Wednesday, June 13, 2012

How Enforceable Are Your Employees’ Assignments of IP Rights?

It’s no secret that most appeals in the intellectual property arena end up in the U. S. Court of Appeals for the Federal Circuit, which sits in Washington, D.C.  What’s less well-known is that much of the law applied by that court to resolve IP disputes isn’t federal at all; it comes from the laws of individual states.  A recent case from the prairie of Wyoming illustrates the point.

Yale Preston was briefly employed by Marathon Oil as a relief pumper at the company’s operation in northeastern Wyoming.  After he had begun work, Preston was required to sign an agreement that purported to assign to Marathon his rights to any inventions he conceived while employed by the company.  Other than continued employment, he did not receive any additional payment or tangible benefit from the company in return for signing the agreement.

Two months after leaving Marathon, Preston applied for and received a patent for a baffle system he invented while still employed by the company.  Almost two years later, Marathon obtained a patent for a similar invention, which triggered an infringement fight in federal court.  The trial judge ruled that Preston was the sole inventor of the baffle system, but that he was obligated to assign his rights to the invention to Marathon under the terms of the employment agreement.

Courts across the country are split on whether continued employment, without more, is sufficient consideration to support an assignment of IP rights.  Thus, when the case got to the Federal Circuit court in Washington, there was no single “correct” answer to the question of whether Preston’s assignment of IP rights to Marathon was valid.  So, the court did the only thing it could do; it punted the issue to the Wyoming Supreme Court for an advisory ruling.  The Wyoming court’s decision surprised some observers.

Under Wyoming law, the court ruled, continued employment ordinarily is not sufficient consideration to support restrictive covenants, such as non-compete agreements.  (At that point, Preston probably could smell a victory coming his way.)  However, the court went on to explain that, in its view, there is a qualitative difference between non-compete agreements and agreements to assign IP rights:

The concerns with restraints on trade which attend non-competition agreements simply are not present for intellectual property assignment agreements. That is particularly obvious here, where Mr. Preston only agreed to assign the rights to inventions that he made or conceived while employed by Marathon.

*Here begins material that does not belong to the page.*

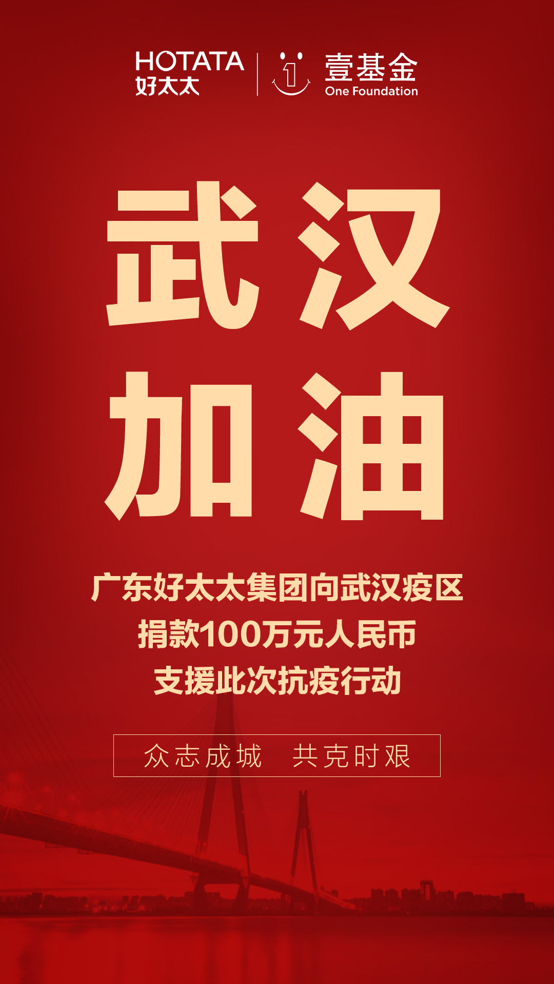 新型冠状病毒疫情天天都在变化,牵动着每一个中国人的心,疫情当前,举国抗击,乐鱼集团在行动!1月28日,乐鱼集团携手壹基金驰援武汉捐款100万,捐助款项将用于此次肺炎防控的相关措施。

The agreement did not limit his right to earn a living, or, for that matter, his rights to inventions that were not related to Marathon’s business or were not created with the use of Marathon’s confidential information, equipment, supplies or facilities.

Thus, due to the very nature of the at-will employment relationship, the court concluded that separate consideration was not necessary to support the assignment of IP rights:  “If the employee does not agree to that modification of the terms of his employment, he can terminate the relationship without any penalties.”

Besides effectively dooming Preston’s appeal, the Wyoming Supreme Court’s ruling reinforced two very important lessons for employers:  (1) whether an assignment of IP rights is valid generally is a question of state contract law, which can vary widely from state to state; and (2) states may not always judge the assignment of IP rights by the same standards as those applied to other types of restrictive covenants, such as non-compete agreements.  Thus, it is critical that employers be aware that there is no such thing as a “one-size-fits-all” agreement that will meet their needs in all jurisdictions.  Each agreement must be tailored to the specific requirements of the state(s) in which employees are affected.